Named after consequential 19th century abolitionist Frederick Douglass, The Douglass Project, is one of the core programs in the Research Department of The PuLSE Institute, producing evidence-based analysis, policy initiatives and proposals that are strategically aligned with the principal pillars of race, equity, and democracy. The goal of the project is for the successful implementation of solutions to inequality that will be useful to present and future generations.
One of the most influential leaders and thinkers in history, noted for his oratorical prowess and prolific writings, Frederick Douglass was a man ahead of his time as he launched an unrelenting crusade against slavery in the United States. Demanding that his country end its hypocrisy of values by granting freedom and equality to its black citizens, Douglass, born a slave, challenged white authority figures at the apex of the American government, including former Presidents, to end the barbaric institution of slavery by fully employing the power of his pen and his voice. His quest for equality did not end with the abolition of slavery, and neither did his call for full independence. He continued to use his remarkable skills and brilliance to fight for the right to vote and for blacks to be fully engaged in American life and democracy.
Ever the visionary, Douglass employed the technology of his time to spread his message visually, using photography to purposefully elevate the image of the African American as an intellectual and humane equal, in contradiction to demeaning and inhumane depictions of black life often seen in the 19th century. He also championed women’s rights as a devoted advocate for women’s suffrage, a position many men in the modern era have yet to echo as loudly, boldly and forcefully as Douglass.
Douglass exercised extraordinary initiative to secure racial equity by petitioning President Abraham Lincoln on the Emancipation Proclamation, as well as unparalleled advocacy in his pursuit of full gender equality. Due to these outstanding efforts, along with his passion and persistence in utilizing the power of the pen, voice, and vote, The PuLSE Institute is proud to proclaim The Douglass Project. Housed in the Institute’s Research Department, The Douglass Project will focus on areas of research as it pertains to the core values to which Frederick Douglass dedicated his life: race, equity, and democracy. The research will produce publications, policy initiatives and proposals geared towards reducing inequality.
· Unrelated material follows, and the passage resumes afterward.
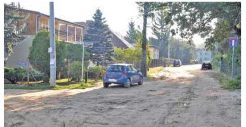
Pył i błoto powinny przestać być zmartwieniem mieszkańców już za dwa miesiące

znaleźć można kałuże. Prace odwodnieniowe trwały wprawdzie długo, między innymi ze względu na pojawiające się notorycznie niezgodności między mapami a stanem faktycznym, jeśli chodzi o infrastrukturę podziemną, ale w większości zostały już zakończone. Przyszedł czas na utwardzenie drogi. Przetarg na to zadanie gmina ogłosiła na początku września. Zakończył się tuż przed sesją rady gminy w ubiegłą środę 19 września. Burmistrz Zdzisław Lis przygotował już uchwałę dotyczącą

Appropriately, The Douglass Project is located here in Detroit, where Douglass quietly but famously met with prominent, fierce anti-slavery activist, John Brown, in a historic meeting between two of the leading abolitionists of the 19th century.
Significantly, Detroit was frequently the final stop on the Underground Railroad, making the city a vital destination in the abolitionist movement, with many slaves escaping to freedom in Windsor, Canada, just across the Detroit River. How suitable then that Frederick Douglass and John Brown met in Detroit, shortly before the latter’s historic raid in Harper’s Ferry, Virginia. And while the two disagreed on the methodology to end slavery, both were dedicated to the abolition of the inhuman institution, which was ended just six years after their historic visit in Detroit. Likewise, as Detroit has played a key role in securing freedom for oppressed and enslaved African Americans, it is no stranger to civil and human rights, making it the perfect destination to address the inequalities that plague our society today.
In addition to The Douglass Project, the Institute is launching the Annual Frederick Douglass Distinguished Leadership Lecture Against Inequality. This lecture series, which will kick-off in 2019, was created with the explicit purpose of featuring an outstanding individual from around the nation and the world whose commitment to addressing inequality or body of work reflects Douglass’ message against inequality and his relentless promotion of democracy. It will also explore the many and varied contributions of Douglass as both a national and international statesman of his era. The goal of the series is to invite thought leaders, policy makers and articulators of the human sphere who will enhance the understanding of the need to push for the implementation of policies that will help deter inequality in our society. By challenging us with new ideas and locating the vexing problems creating inequality, the Speaker will help us further enrich our knowledge of the underlying issues confronting us today in the fight against poverty and inequality.
The 2019 inaugural Speaker will be announced soon.